Collected material:
>>

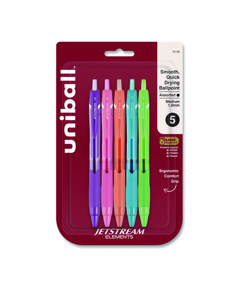 Inspire creativity with Jetstream™ Elements Ballpoint Pens from uni-ball®. These pens feature an innovative hybrid ink that combines the quick-drying properties of a ballpoint with the smoothness and vibrancy of a gel pen. Whether it's color-coding notes and lists or uniquely embellishing fun and creative writing projects, these Jetstream™ Elements ballpoint pens are suitable for a variety of projects. A contoured grip ensures greater comfort for extended writing and creating. uni Super Ink™ technology forms a strong bond with the paper, protecting your work from water, fading and fraud. You are simply left with exceptionally smooth and crisp lines. Jetstream™ Elements ballpoint pens give all of your ideas a burst of brilliant color.
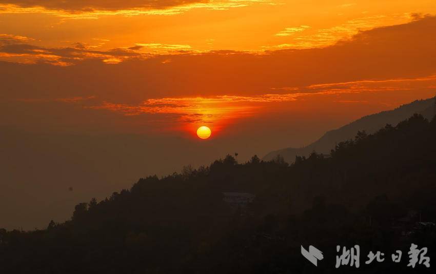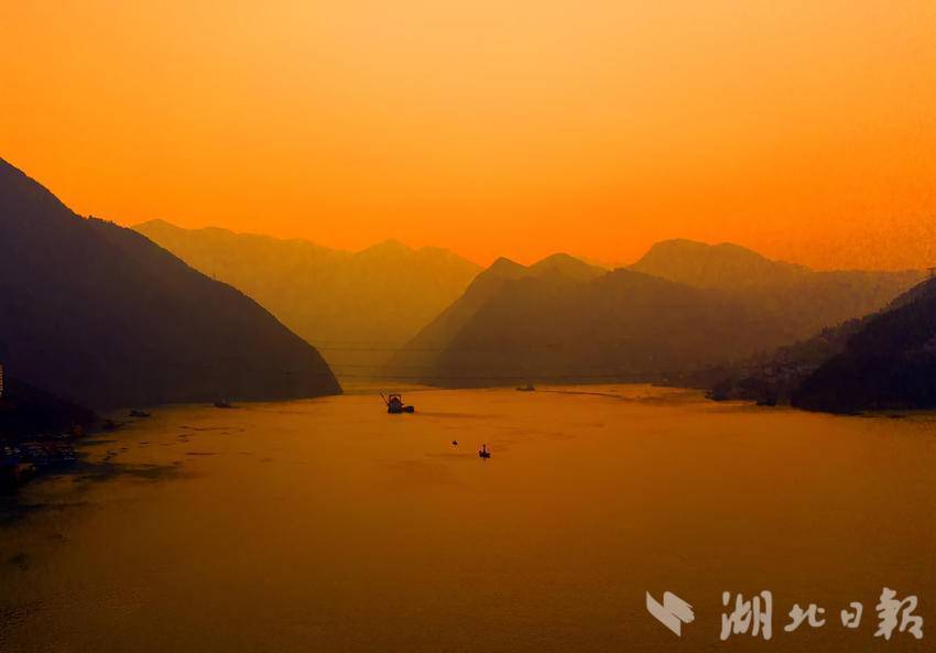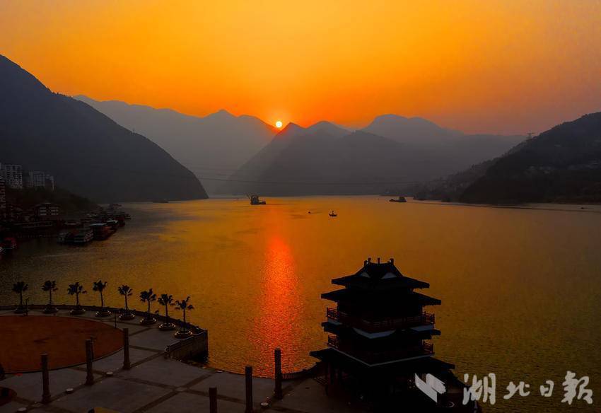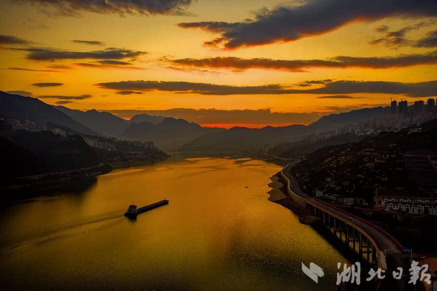 湖北日报客户端(通讯员陈功龙)暮云合璧,落日熔金。当余晖掠过巫峡群峰,巴东的江面便晕染成一片橘红。远山叠作墨色剪影,江船拖着粼粼波光缓缓驶过,与天际落日相映,峡江的雄浑与柔美在此刻交融。日轮渐隐,天空由橙黄转为绯红,流云镶上金边,江畔楼阁凝为静默轮廓,如画卷中点睛之笔。
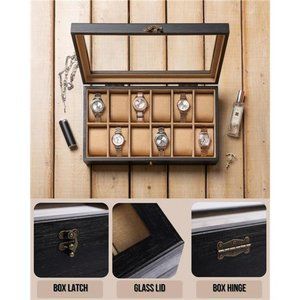 Watch Box, Watch Case for Men Women with Large Glass Lid, Wooden Watch Display
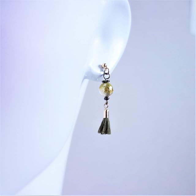 浴衣 着物 に 似合う 和風 唐草 金線 ビーズ と タッセル の 樹脂 製 ポスト ピアス ( ミニ ポーチ 付 き ) (うぐいす)

<<

Your instructions: Please set down the lines above word for word and leave out the pictures.

Solution to the exercise:
 Inspire creativity with Jetstream™ Elements Ballpoint Pens from uni-ball®. These pens feature an innovative hybrid ink that combines the quick-drying properties of a ballpoint with the smoothness and vibrancy of a gel pen. Whether it's color-coding notes and lists or uniquely embellishing fun and creative writing projects, these Jetstream™ Elements ballpoint pens are suitable for a variety of projects. A contoured grip ensures greater comfort for extended writing and creating. uni Super Ink™ technology forms a strong bond with the paper, protecting your work from water, fading and fraud. You are simply left with exceptionally smooth and crisp lines. Jetstream™ Elements ballpoint pens give all of your ideas a burst of brilliant color.
 湖北日报客户端(通讯员陈功龙)暮云合璧,落日熔金。当余晖掠过巫峡群峰,巴东的江面便晕染成一片橘红。远山叠作墨色剪影,江船拖着粼粼波光缓缓驶过,与天际落日相映,峡江的雄浑与柔美在此刻交融。日轮渐隐,天空由橙黄转为绯红,流云镶上金边,江畔楼阁凝为静默轮廓,如画卷中点睛之笔。
 Watch Box, Watch Case for Men Women with Large Glass Lid, Wooden Watch Display
 浴衣 着物 に 似合う 和風 唐草 金線 ビーズ と タッセル の 樹脂 製 ポスト ピアス ( ミニ ポーチ 付 き ) (うぐいす)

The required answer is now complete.